Print only the lines below from the one with "Во втором грузовике" to the one with "Top view,still life,East", both included, exactly as they stand. Leave pictures out.

INPUT DATA Block Start

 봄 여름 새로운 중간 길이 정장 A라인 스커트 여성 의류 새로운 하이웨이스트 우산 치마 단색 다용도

INPUT DATA Block End
INPUT DATA Block Start

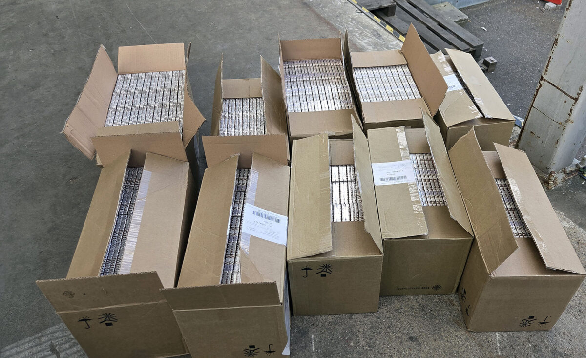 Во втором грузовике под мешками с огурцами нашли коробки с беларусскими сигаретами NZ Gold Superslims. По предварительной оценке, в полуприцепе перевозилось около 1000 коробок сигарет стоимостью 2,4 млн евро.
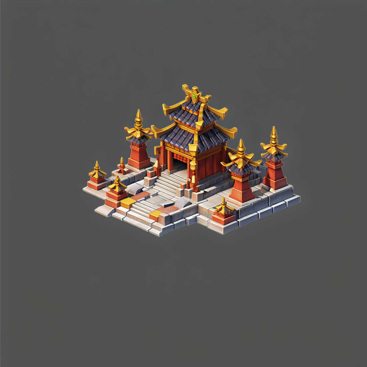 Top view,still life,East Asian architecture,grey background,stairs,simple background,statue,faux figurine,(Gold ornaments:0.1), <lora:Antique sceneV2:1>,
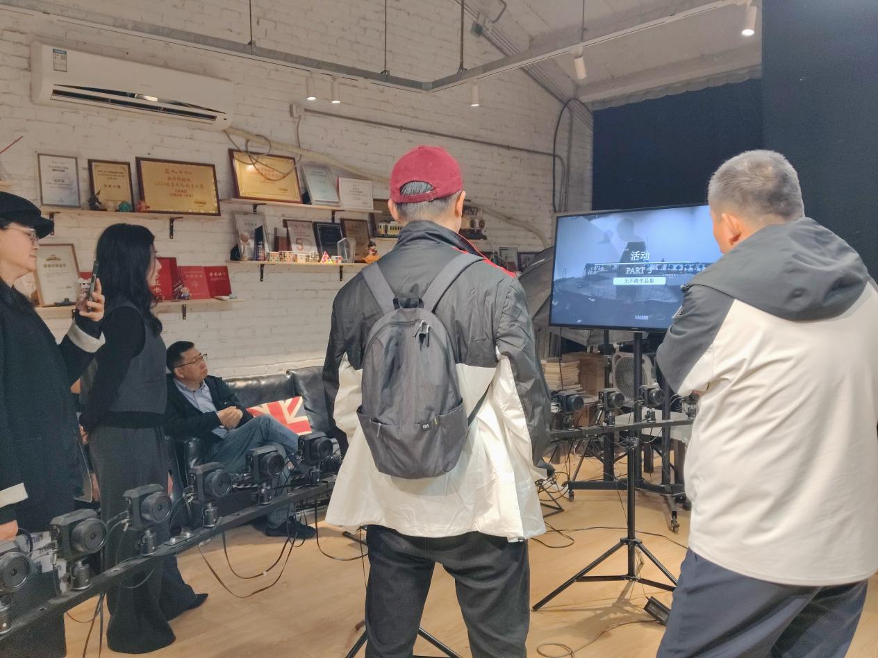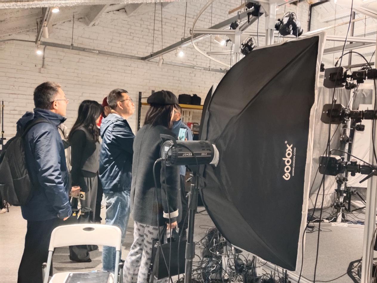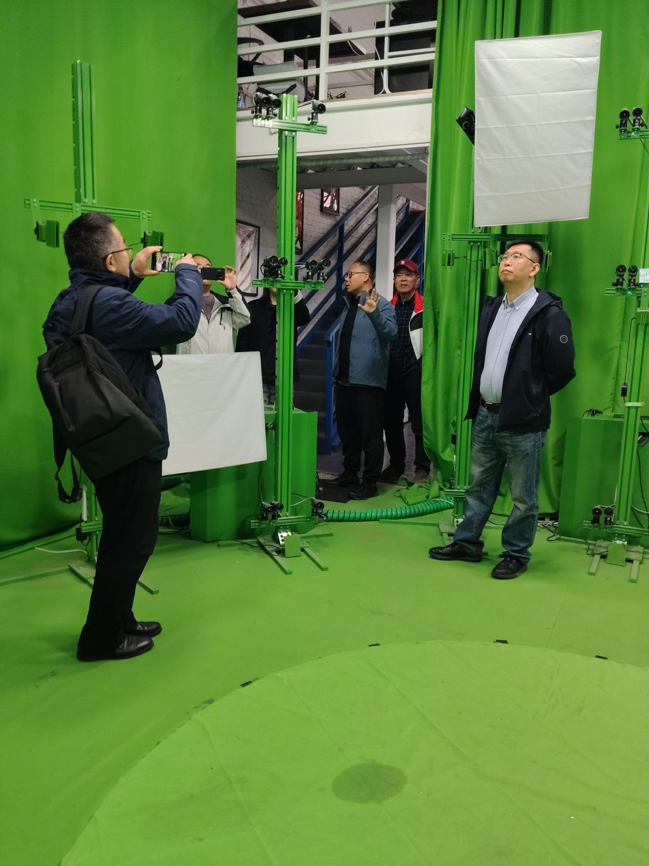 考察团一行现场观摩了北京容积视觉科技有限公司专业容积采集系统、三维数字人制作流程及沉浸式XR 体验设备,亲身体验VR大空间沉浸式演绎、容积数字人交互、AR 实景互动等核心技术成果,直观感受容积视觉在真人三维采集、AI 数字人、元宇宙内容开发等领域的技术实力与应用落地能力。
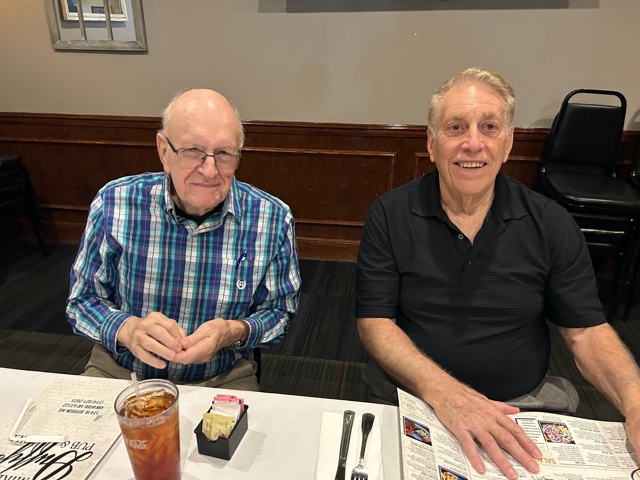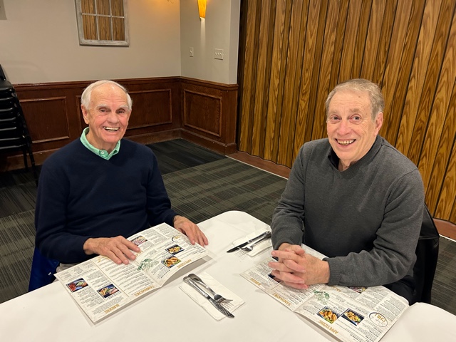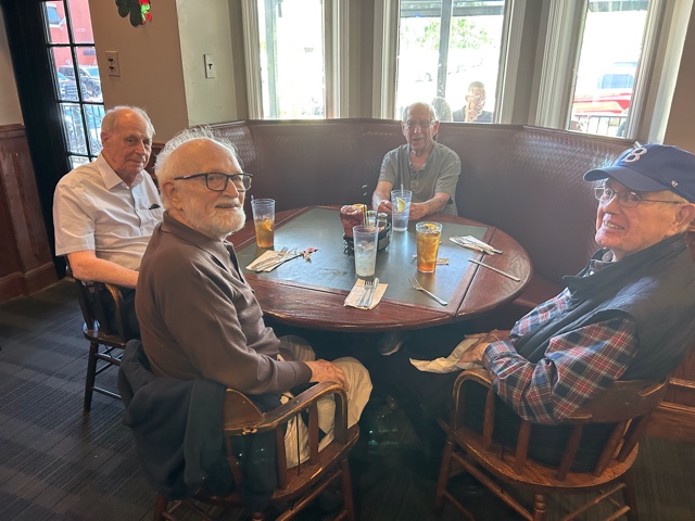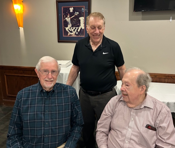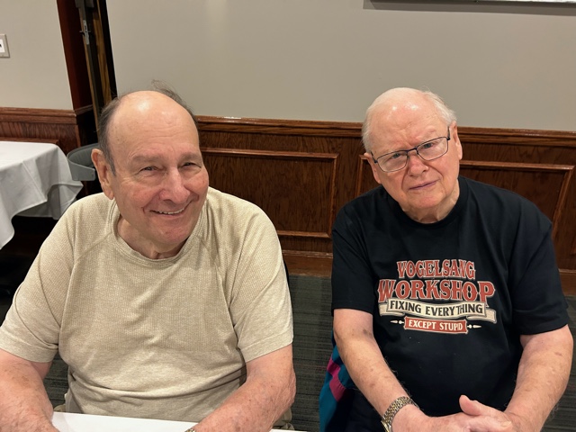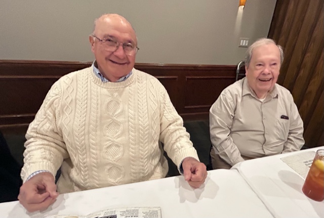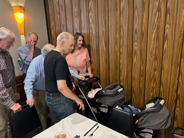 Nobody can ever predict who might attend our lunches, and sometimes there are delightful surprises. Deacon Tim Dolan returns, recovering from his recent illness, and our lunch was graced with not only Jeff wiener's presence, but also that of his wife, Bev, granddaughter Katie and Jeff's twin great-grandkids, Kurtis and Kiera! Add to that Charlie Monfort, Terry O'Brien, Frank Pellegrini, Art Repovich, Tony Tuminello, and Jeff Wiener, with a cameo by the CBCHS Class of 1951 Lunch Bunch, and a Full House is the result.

INPUT DATA Block End
INPUT DATA Block Start

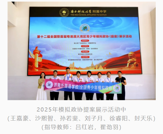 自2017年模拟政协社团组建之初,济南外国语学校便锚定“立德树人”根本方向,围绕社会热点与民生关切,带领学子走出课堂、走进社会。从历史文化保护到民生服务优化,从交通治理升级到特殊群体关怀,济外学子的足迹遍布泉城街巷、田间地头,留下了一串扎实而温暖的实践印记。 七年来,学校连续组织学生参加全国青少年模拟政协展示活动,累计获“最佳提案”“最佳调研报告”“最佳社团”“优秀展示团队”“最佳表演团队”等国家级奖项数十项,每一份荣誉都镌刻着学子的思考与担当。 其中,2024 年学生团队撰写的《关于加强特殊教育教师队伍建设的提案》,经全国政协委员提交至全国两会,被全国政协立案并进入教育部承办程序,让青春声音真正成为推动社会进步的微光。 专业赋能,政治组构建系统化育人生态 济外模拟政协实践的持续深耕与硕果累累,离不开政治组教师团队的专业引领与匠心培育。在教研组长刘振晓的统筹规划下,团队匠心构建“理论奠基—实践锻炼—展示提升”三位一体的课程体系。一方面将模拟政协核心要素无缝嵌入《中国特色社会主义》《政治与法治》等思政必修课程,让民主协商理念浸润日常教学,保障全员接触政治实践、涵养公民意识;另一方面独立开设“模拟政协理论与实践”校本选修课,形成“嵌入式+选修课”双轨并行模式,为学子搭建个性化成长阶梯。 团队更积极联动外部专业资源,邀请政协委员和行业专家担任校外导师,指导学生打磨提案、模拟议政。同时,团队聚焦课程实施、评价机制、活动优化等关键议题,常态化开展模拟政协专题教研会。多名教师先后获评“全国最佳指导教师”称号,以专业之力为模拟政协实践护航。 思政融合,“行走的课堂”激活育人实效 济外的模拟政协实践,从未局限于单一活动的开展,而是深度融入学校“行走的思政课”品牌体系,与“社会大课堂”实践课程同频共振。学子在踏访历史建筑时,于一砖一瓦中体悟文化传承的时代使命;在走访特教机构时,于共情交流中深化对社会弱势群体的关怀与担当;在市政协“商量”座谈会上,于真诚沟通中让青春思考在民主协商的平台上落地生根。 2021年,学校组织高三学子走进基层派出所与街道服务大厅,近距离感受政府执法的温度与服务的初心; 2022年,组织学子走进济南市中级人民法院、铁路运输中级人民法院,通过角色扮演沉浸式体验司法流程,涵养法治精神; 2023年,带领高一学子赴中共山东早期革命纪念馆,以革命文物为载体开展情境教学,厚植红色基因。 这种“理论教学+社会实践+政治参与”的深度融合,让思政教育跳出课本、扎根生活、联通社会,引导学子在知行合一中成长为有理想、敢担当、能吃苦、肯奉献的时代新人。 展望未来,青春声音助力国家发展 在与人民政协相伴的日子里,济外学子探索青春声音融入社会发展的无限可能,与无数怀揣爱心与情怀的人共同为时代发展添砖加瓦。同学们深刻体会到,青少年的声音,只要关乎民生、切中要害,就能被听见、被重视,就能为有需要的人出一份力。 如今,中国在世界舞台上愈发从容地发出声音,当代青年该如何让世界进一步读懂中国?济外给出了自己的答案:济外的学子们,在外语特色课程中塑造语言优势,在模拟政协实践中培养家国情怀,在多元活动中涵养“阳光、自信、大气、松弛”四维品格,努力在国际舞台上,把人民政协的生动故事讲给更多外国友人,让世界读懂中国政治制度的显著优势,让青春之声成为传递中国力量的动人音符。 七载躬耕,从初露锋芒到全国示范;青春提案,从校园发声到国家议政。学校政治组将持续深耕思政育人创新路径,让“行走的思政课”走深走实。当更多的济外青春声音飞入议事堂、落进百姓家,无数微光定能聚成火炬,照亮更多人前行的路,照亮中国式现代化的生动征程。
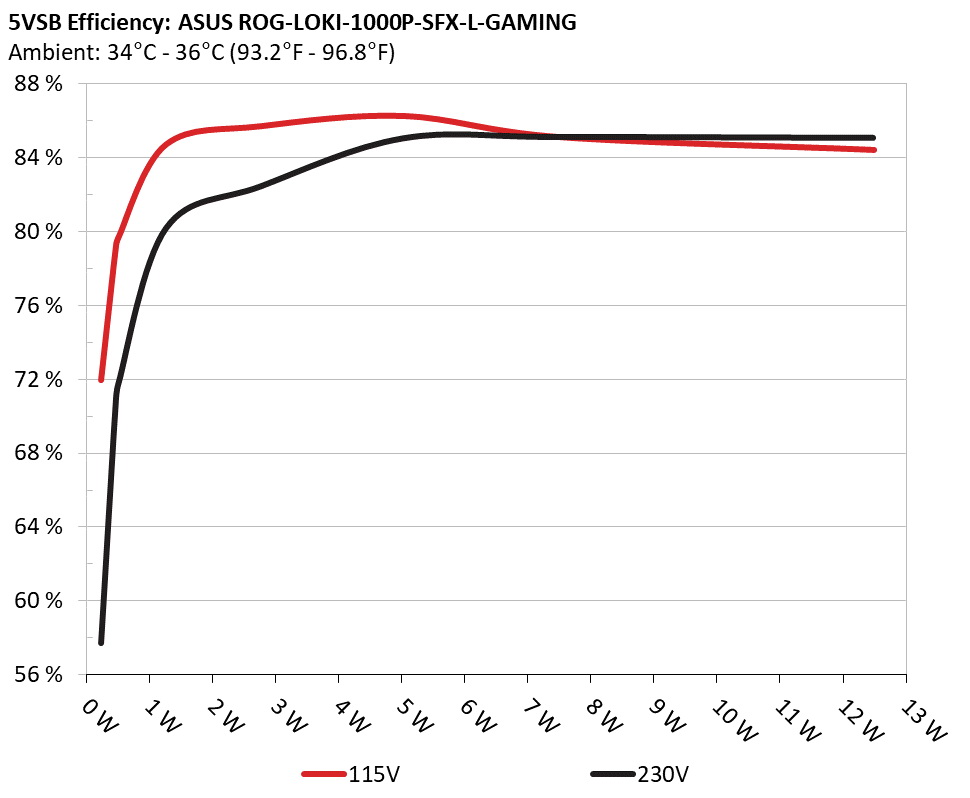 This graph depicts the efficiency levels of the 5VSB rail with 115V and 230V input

INPUT DATA Block End

▸ **TASK OUTPUT**
 Во втором грузовике под мешками с огурцами нашли коробки с беларусскими сигаретами NZ Gold Superslims. По предварительной оценке, в полуприцепе перевозилось около 1000 коробок сигарет стоимостью 2,4 млн евро.
 Top view,still life,East Asian architecture,grey background,stairs,simple background,statue,faux figurine,(Gold ornaments:0.1), <lora:Antique sceneV2:1>,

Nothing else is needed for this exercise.